The key thing is get out there as soon as possible, and talk about the idea.
From the sounds of things you are building a product for a specific customer
and you haven't approached that customer at all yet.

You may think that you understand the customers problem, but you might not.

If you haven't checked out Steve Blanks's Customer Development info, I suggest
you do.

------
byoung2
_what I assume is highly attractive to the airlines and consequently their
customers_

You have to be certain that it is highly attractive...enough for them to pay
you money for it. You're also going to face a huge hurdle with bureaucracy and
proprietary technology (if it's an app).

I worked for a hotel marketing company a few years back, and we had a
proprietary booking engine that connected in house reservation systems with
web-based ones. There was a team that went around just building code on top of
each hotel chain's proprietary software that would tie into our system.

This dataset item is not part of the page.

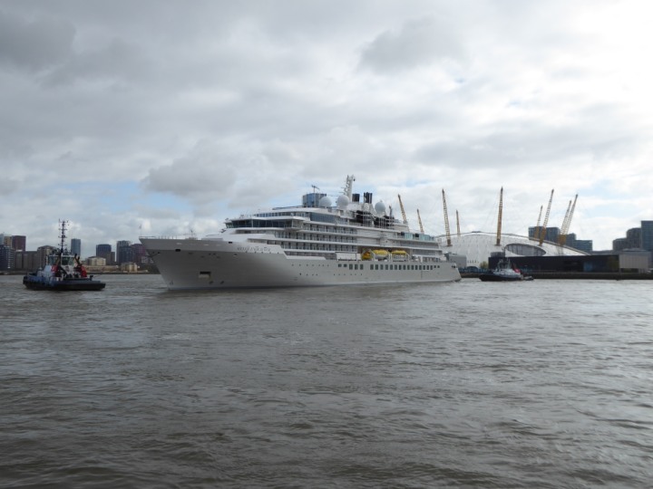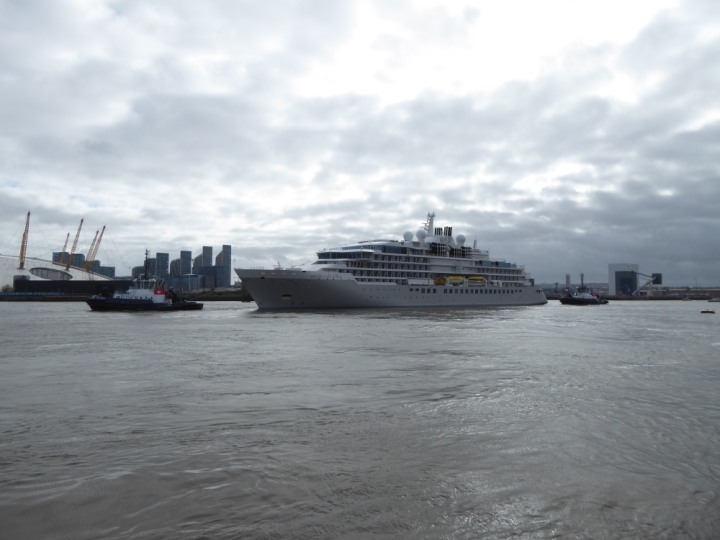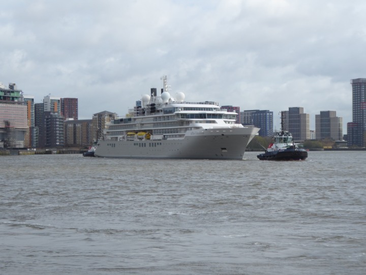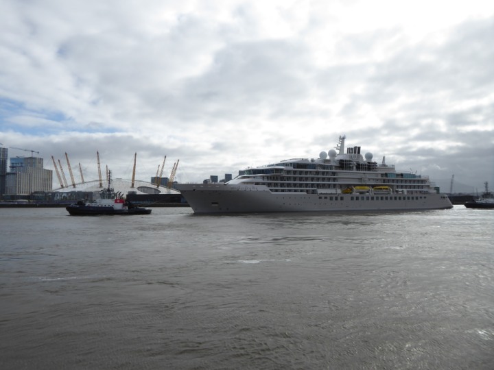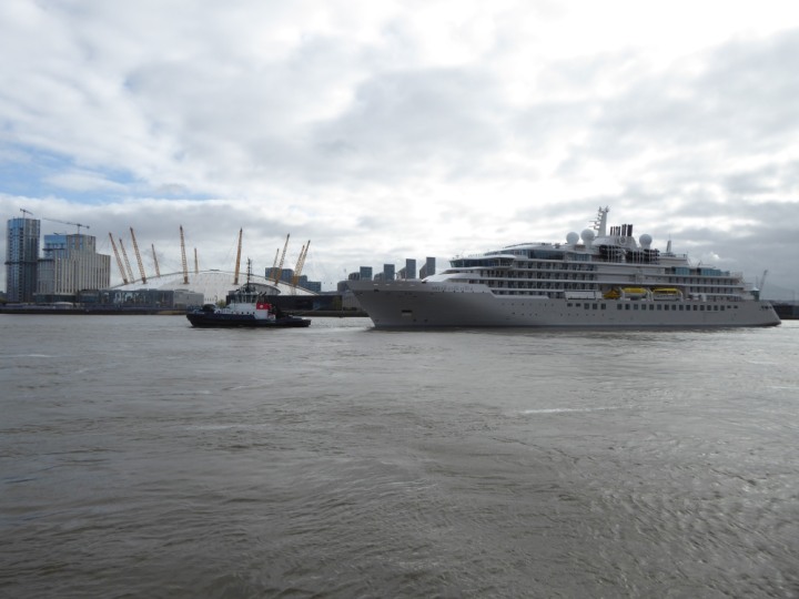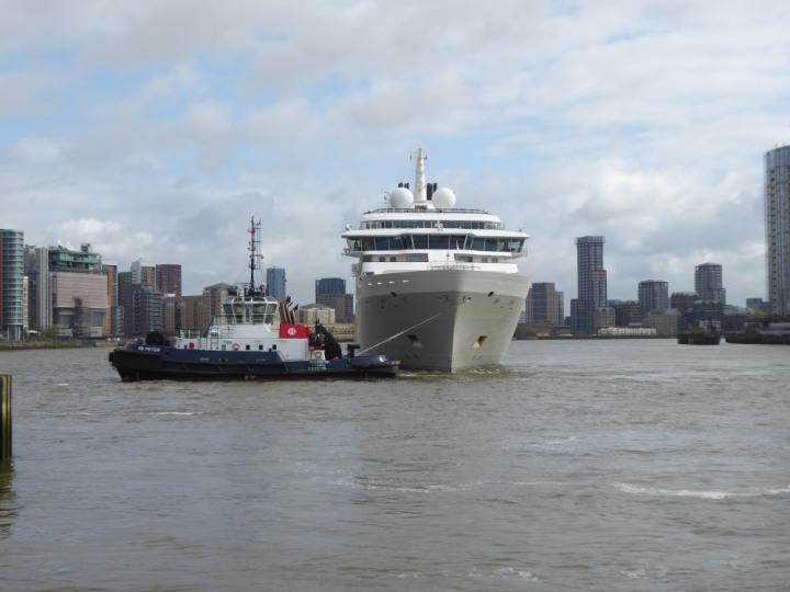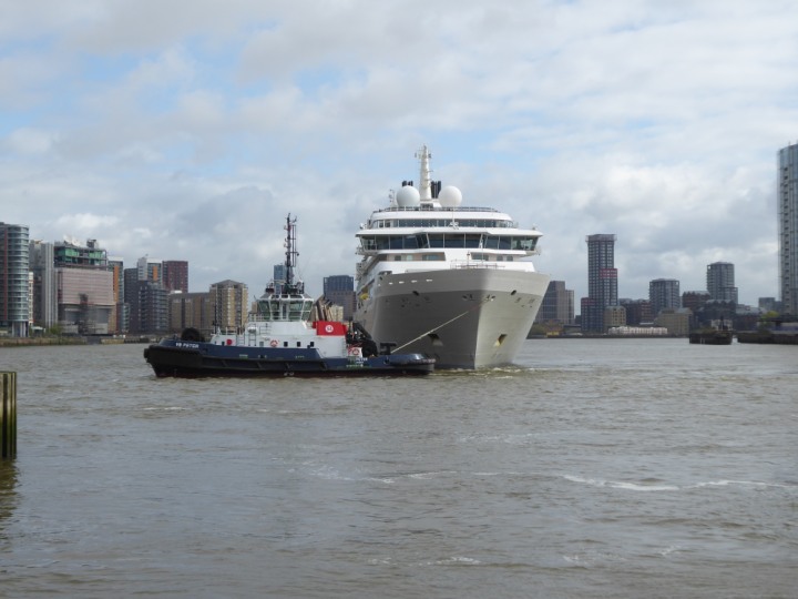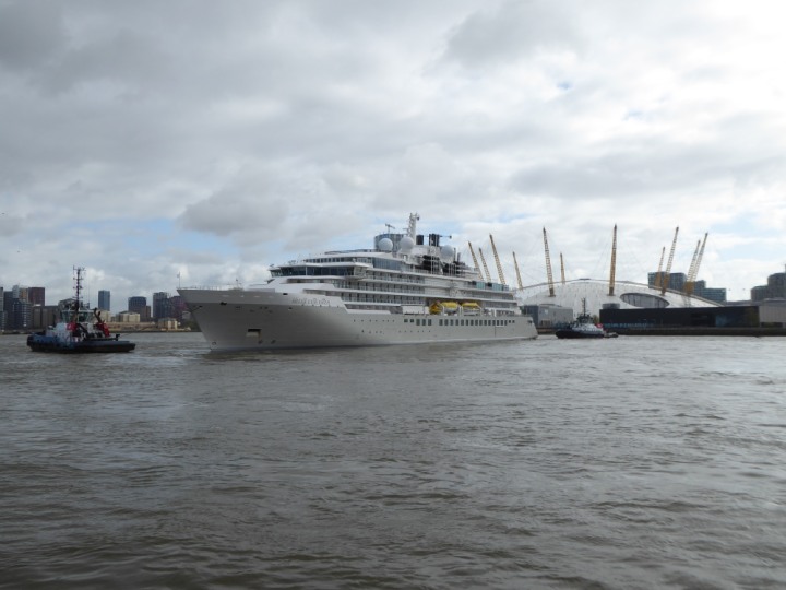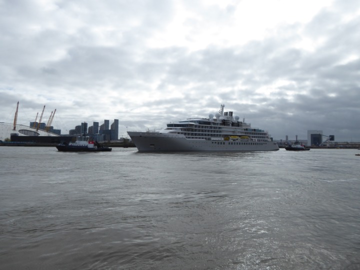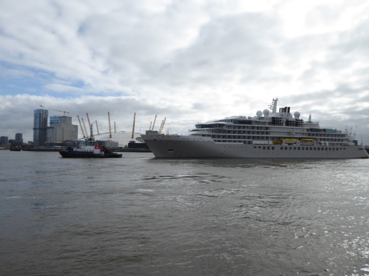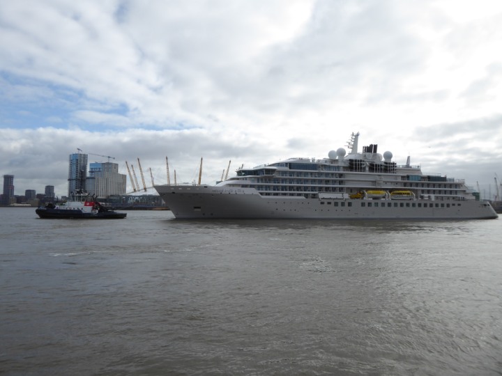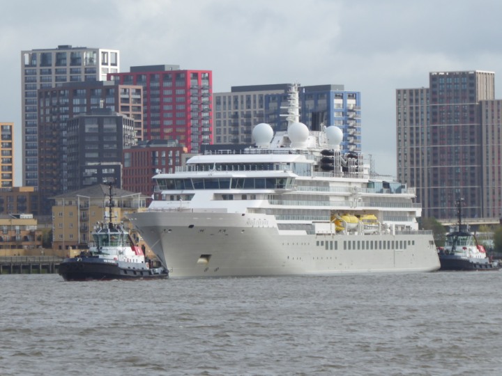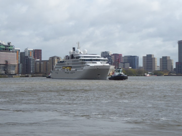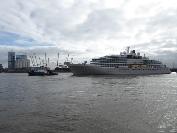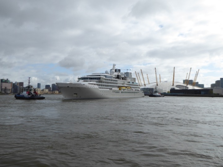 SILVER ENDEAVOUR * romagic. 24 *Click a Photo Above   once Big, click Right    Arrow in corner >   to start Slide Show   or Fast F/FW  > L:164x28.4m (538x93ft+) SILVER ENDEAVOUR Friday 05 April  08:30am The First Super Yacht to visit London 2024 Two Tugs spun the ship around at the 02 Dome to reverse back to the Greenwich Tier Terminal. Departure: Sunday 7th at 13:00
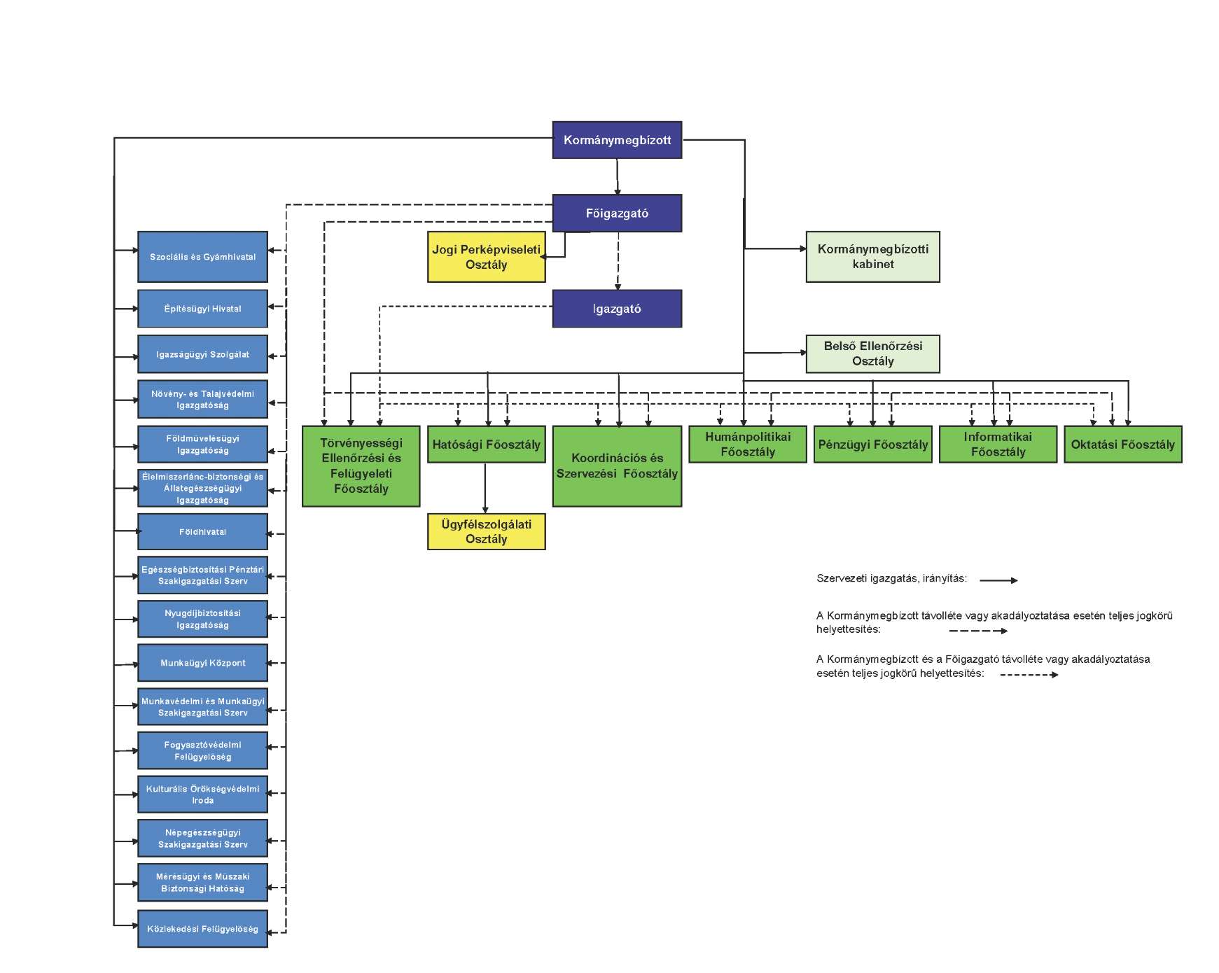 (2) A törzshivatal szervezeti egységei: a főosztályok, valamint az osztály jogállású Kormánymegbízotti Kabinet, a Jogi Perképviseleti Osztály és a Belső Ellenőrzési Osztály. A főosztályok osztályokra tagozódhatnak.

I had a similar idea for a comparison shopping app back in 1999 where I would
compare prices between different brick-and-mortar stores and allow people to
shop online for a list of items, and show them on a map the fewest stores with
all of the items at the cheapest price, or the cheapest price, regardless of
the number of stores, or the shortest drive with the lowest price. That never
got off the ground because there is no easy way to get all of the stores to
give you an up to date XML feed of their current inventory and prices. Not in
1999 anyway...maybe it could be done now, but I'm not so sure. My idea was
that I would start with a website in 1999, and maybe in 10 years we would have
mobile technology that could take advantage of the backend data. I was right
about the technology part.

I'm not sure what your idea involves, but I would try contacting a few
airlines to see if it really does solve a problem, and if so, how many more
does it create?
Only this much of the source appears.